_WHAT THE TASK ASKS_: Your answer must be the full listing below, restated word for word, with no pictures in it.

_INFORMATION PROVIDED_:
──────────
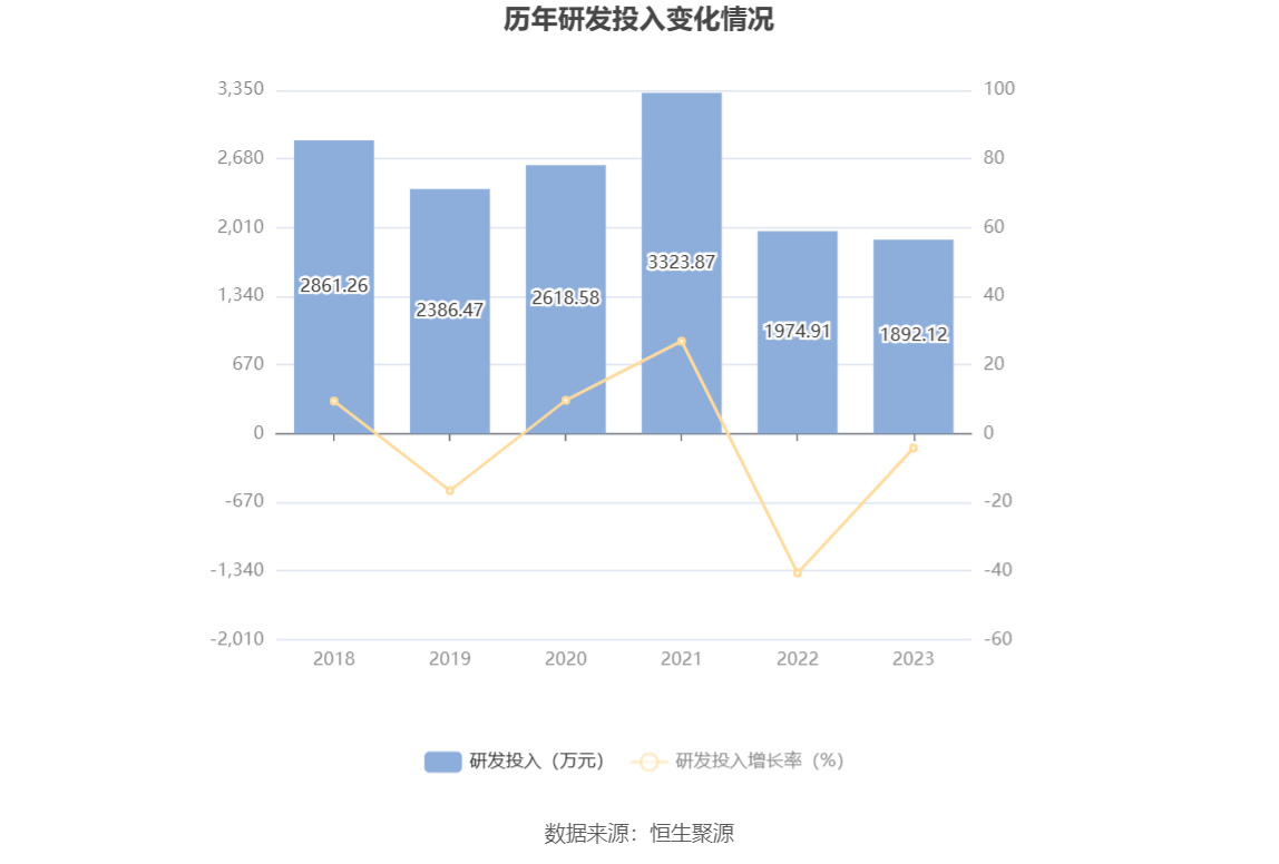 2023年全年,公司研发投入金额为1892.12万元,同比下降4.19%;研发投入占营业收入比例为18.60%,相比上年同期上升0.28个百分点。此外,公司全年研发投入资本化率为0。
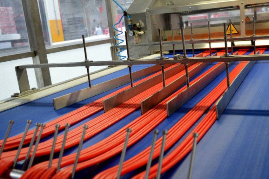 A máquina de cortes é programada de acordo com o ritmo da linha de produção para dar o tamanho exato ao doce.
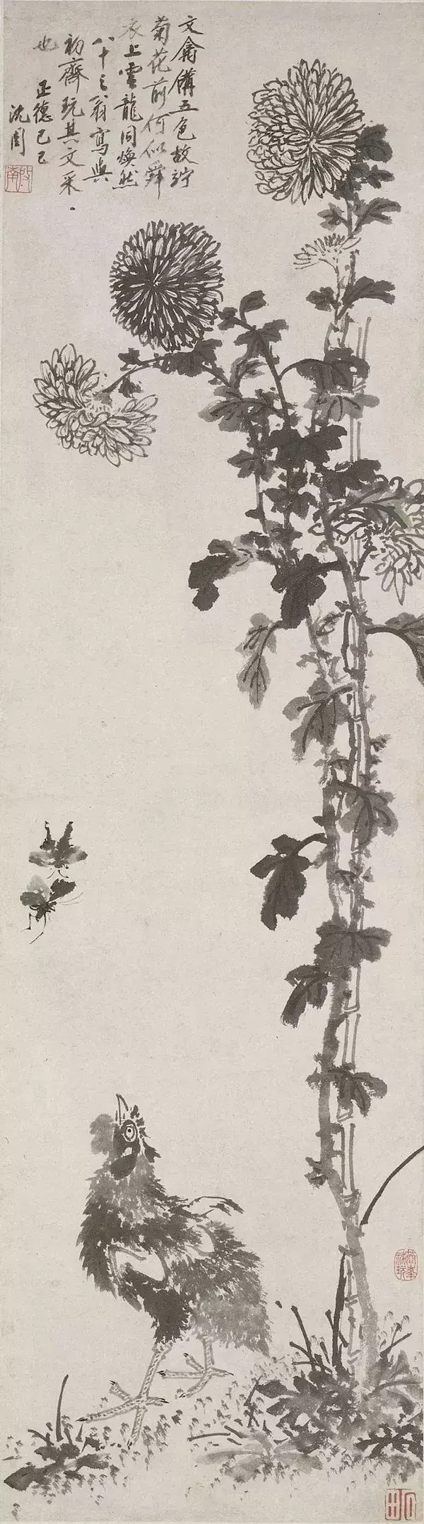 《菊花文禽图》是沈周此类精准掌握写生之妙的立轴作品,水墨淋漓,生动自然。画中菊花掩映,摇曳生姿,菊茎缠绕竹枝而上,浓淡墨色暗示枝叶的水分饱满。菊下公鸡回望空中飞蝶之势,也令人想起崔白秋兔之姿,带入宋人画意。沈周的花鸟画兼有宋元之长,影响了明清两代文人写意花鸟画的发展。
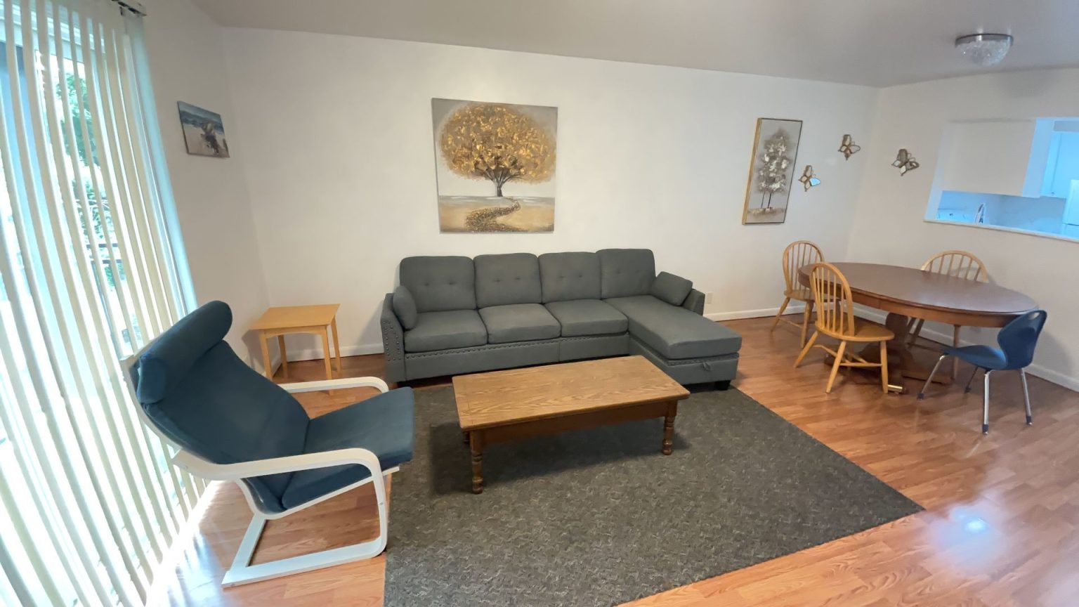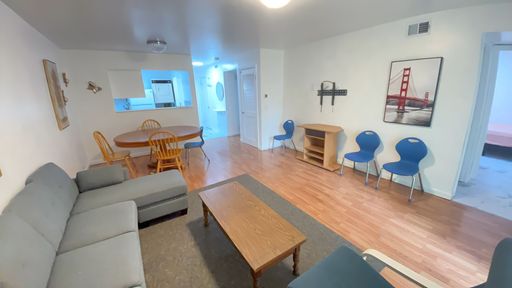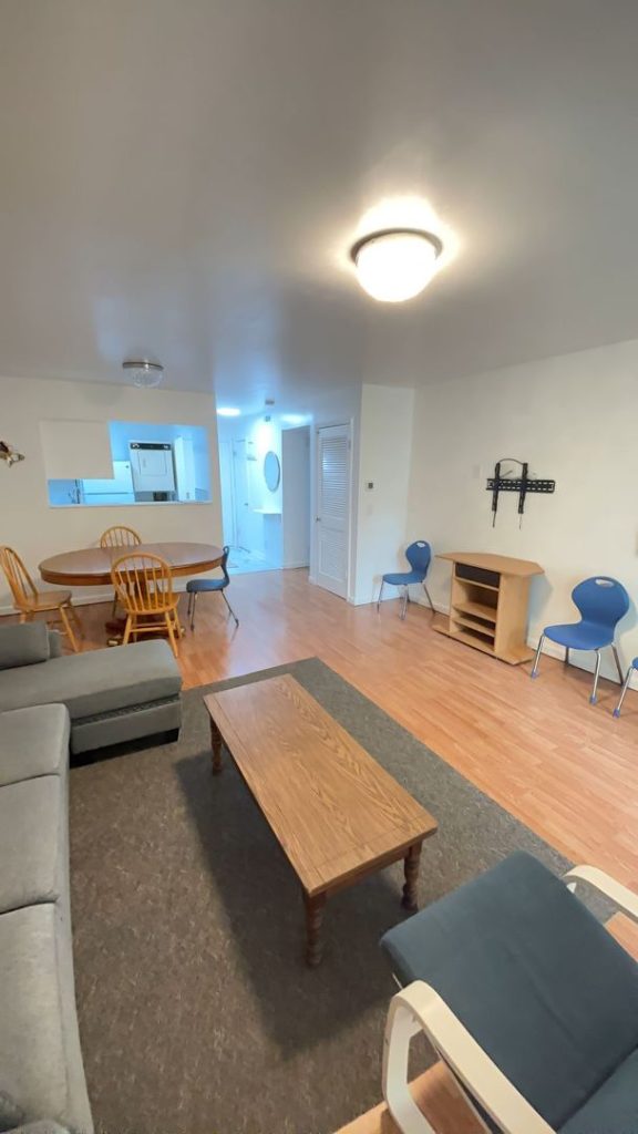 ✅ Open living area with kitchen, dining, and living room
──────────
_RESULT OF THIS EXERCISE_:
 2023年全年,公司研发投入金额为1892.12万元,同比下降4.19%;研发投入占营业收入比例为18.60%,相比上年同期上升0.28个百分点。此外,公司全年研发投入资本化率为0。
 A máquina de cortes é programada de acordo com o ritmo da linha de produção para dar o tamanho exato ao doce.
 《菊花文禽图》是沈周此类精准掌握写生之妙的立轴作品,水墨淋漓,生动自然。画中菊花掩映,摇曳生姿,菊茎缠绕竹枝而上,浓淡墨色暗示枝叶的水分饱满。菊下公鸡回望空中飞蝶之势,也令人想起崔白秋兔之姿,带入宋人画意。沈周的花鸟画兼有宋元之长,影响了明清两代文人写意花鸟画的发展。
 ✅ Open living area with kitchen, dining, and living room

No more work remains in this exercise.